Indraswari mengatakan aturan perundang-undangan yang berdasarkan prinsip kesetaraan gender seharusnya memuat pasal-pasal yang menjamin hak asasi manusia dan keadilan bagi laki-laki dan perempuan, dan tetap sejalan dengan peraturan yang lebih tinggi.
"Tujuan dan isi aturan itu tidak boleh saling bertentangan.Tidak boleh ada pasal yang mendiskriminasi, membatasi, atau mengganggu perempuan untuk menikmati hak asasi mereka. Juga tidak boleh ada pasal yang mengkriminalisasikan perempuan yang menjadi korban kekerasan, termasuk kekerasan seksual," ujarnya.
Indraswari menggarisbawahi bahwa yang paling utama adalah tidak boleh ada pasal yang menempatkan kekerasan seksual terhadap perempuan sebagai isu moral, karena ini adalah soal kejahatan dan pelakunya mesti dihukum.
Hal senada disampaikan seorang komisioner KOMNAS HAM Roichatul Aswidah, yang mengatakan bahwa banyak provinsi mengeluarkan aturan lokal yang sebagian diantaranya bersifat diskriminatif.
"Hukum-hukum ini membatasi hak-hak perempuan dalam kehidupan sosial, mewajibkan pakaian khusus perempuan, membatasi kebebasan perempuan," katanya.
Eva Kusuma Sundari, anggota fraksi Partai Demokrasi Indonesia Perjuangan, menilai budaya hukum di Indonesia kelihatan segan dan menolak pelaksanaan perspektif kesetaraan gender, baik itu dalam perumusan aturan atau penegakan hukumnya.
Kentalnya budaya patriarki membuat masih banyak aturan yang bersifat diskriminatif terhadap perempuan, tambahnya.
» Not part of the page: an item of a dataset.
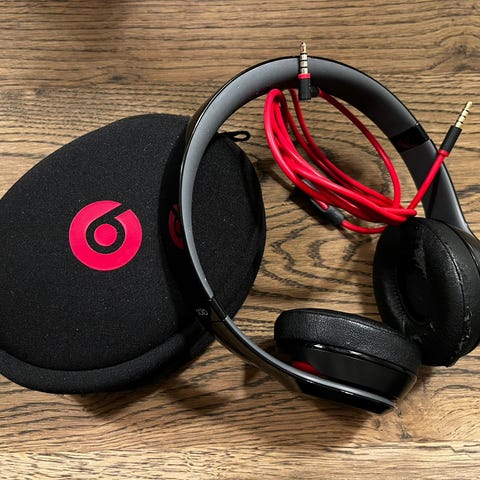 Beats hovedtelefoner i blå farve. Over-ear design med polstrede ørekopper og justerbar hovedbøjle. Trådløs forbindelse med indbygget batteri. Velegnet til daglig brug og lydafspilning.

"Kita benar-benar memiliki masalah serius dengan budaya karena budaya yang ada dan berpihak pada kaum lelaki sangat dominan dan telah mempengaruhi politisi, aparat penegak hukum dan lainnya. Jadi saya khawatir soal kualitas penegakan hukum di Indonesia bila politisi, penegak hukum, dan birokrat masih berpegang pada budaya pro lelaki ini," katanya.